The directors are also on their first feature but they are very adept at bringing together a naturalistic atmosphere, well reaised sense of place, cool soundtrack and both comedy and drama in a way that both make the film feel light and fresh but also emotionally touching.  They allow the actors to shine and give us characters well worth spending the day with.  Definitely one of my highlights of EIFF.

Before Snowfall - the further away from home...

Before Snowfall is not always an easy watch. It follows a teenager, Siyar, as he travels from Iraqi Kurdistan through Turkey and onwards as he chases his sister.  However, this is not to save her. He believes he must kill her after she flees with the man she loves on the day she is to enter into a marriage that he has promised her to.

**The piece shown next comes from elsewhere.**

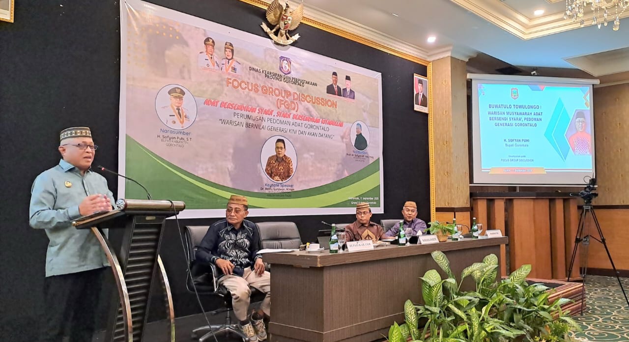 Republish.id, GORONTALO – Upaya menjaga kelestarian adat Gorontalo terus dilakukan. Bupati Gorontalo, Sofyan Puhi, hadir sebagai narasumber dalam Focus Group Discussion (FGD) tentang Perumusan Adat Gorontalo yang diselenggarakan Dinas Perpustakaan dan Kearsipan Provinsi Gorontalo di Grand Q Hotel, Kamis (11/09/2025).
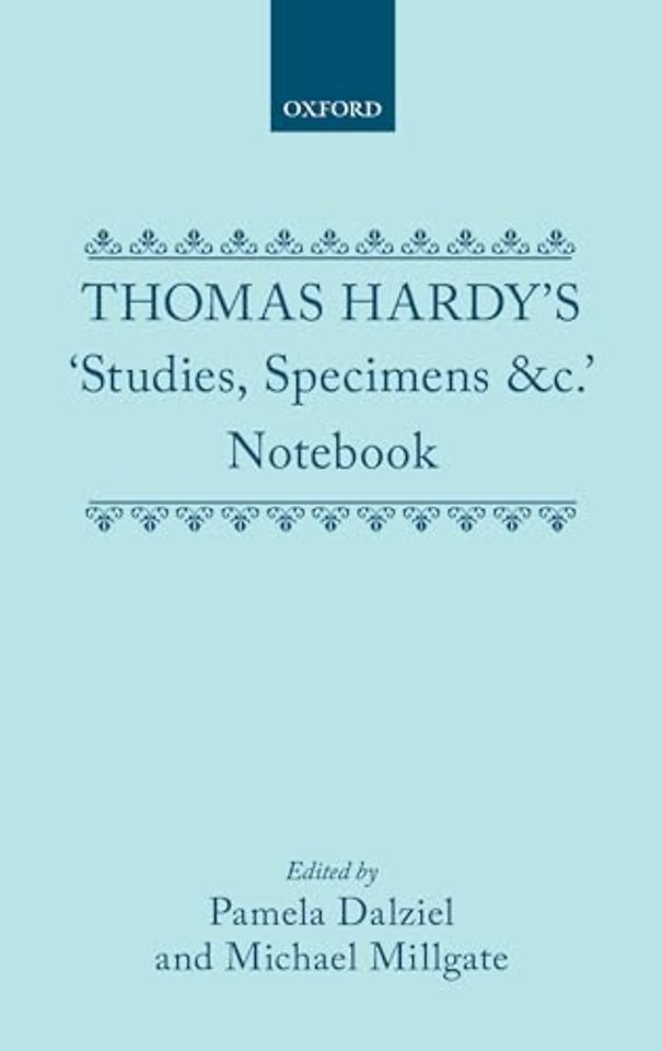 Thomas Hardy's Studies, Specimens &c. notebook stands almost alone as a witness to his exertions and aspirations of the 1860s, when he was already in his middle twenties but still working in London as an architectual assistant and only tentatively feeling his way towards as yet dimly glimpsed possibilities of literary expression and employment. Because so little documentation of any kind has survived for this early period of his life and work, the notebook is of extraordinary interest as containing detailed evidence of the untutored deliberateness with which Hardy was seeking to provide himself with a poetic background, educate himself in poetic techniques, and initiate a process from which he could perhaps emerge as a practising, even a publishing, poet. In private hands until very recently, and seen by only a very few scholars, Studies, Specimens &c.' dates from 1865-68, is entirely in Hardy's own hand, and consists of eighty-eight closely written pages of working memoranda, and quotations from other poets - mostly extracts a few words long in which underlining has been used to highlight individual images and word-usages. Although no drafts of actual poems are present, there are numerous instances of Hardy's seeking to generate a poetic, and sometimes erotic, language and imagery out of materials (e.g., an architectual textbook) apparently chosen precisley for their recalcitrance to such treatment.

The film creates moments of unbelievable tension but also a dilemma over how to react to the protagonist.  The journey that the audience wills Siyar on is the emotional one to realising his intentions are horribly wrong - a journey away from the oppressive mindset of where he has come from.  But you sense he needs to go a long way on his other journey, the one Siyar has chosen for himself towards murder, even as far as finding his sister, to arrive at the destination that the audience needs him to get to - the place where he no longer believes he must kill her.  The tension lies in which, if either, he will arrive at first and also the unease about how far you want him to go.

Abdhullah Taher was discovered by chance and is excellent at conveying the tug between what he has always been told the world must be like - and what he must do to be a man - and the new world he is finding both in his travels and his growing friendship with Evin.  Evin is the heart of the film, and actress Suzan Ilir steals the show with an exceptional performance.  Evin has her own journey to go on and the acctress brings an excellent mix of compassion, fun, ferocity and heartbreak.

This is an ambition first film, tackling a very difficult subject from a new angle which director Hisham Zaman handles brilliantly, walking the tightrope of demonstrating Siyar's conviction without alienating the audience from the character.  It is well paced, with gentler moments that develop the characters interspersed and balanced well with the harder and tenser moments.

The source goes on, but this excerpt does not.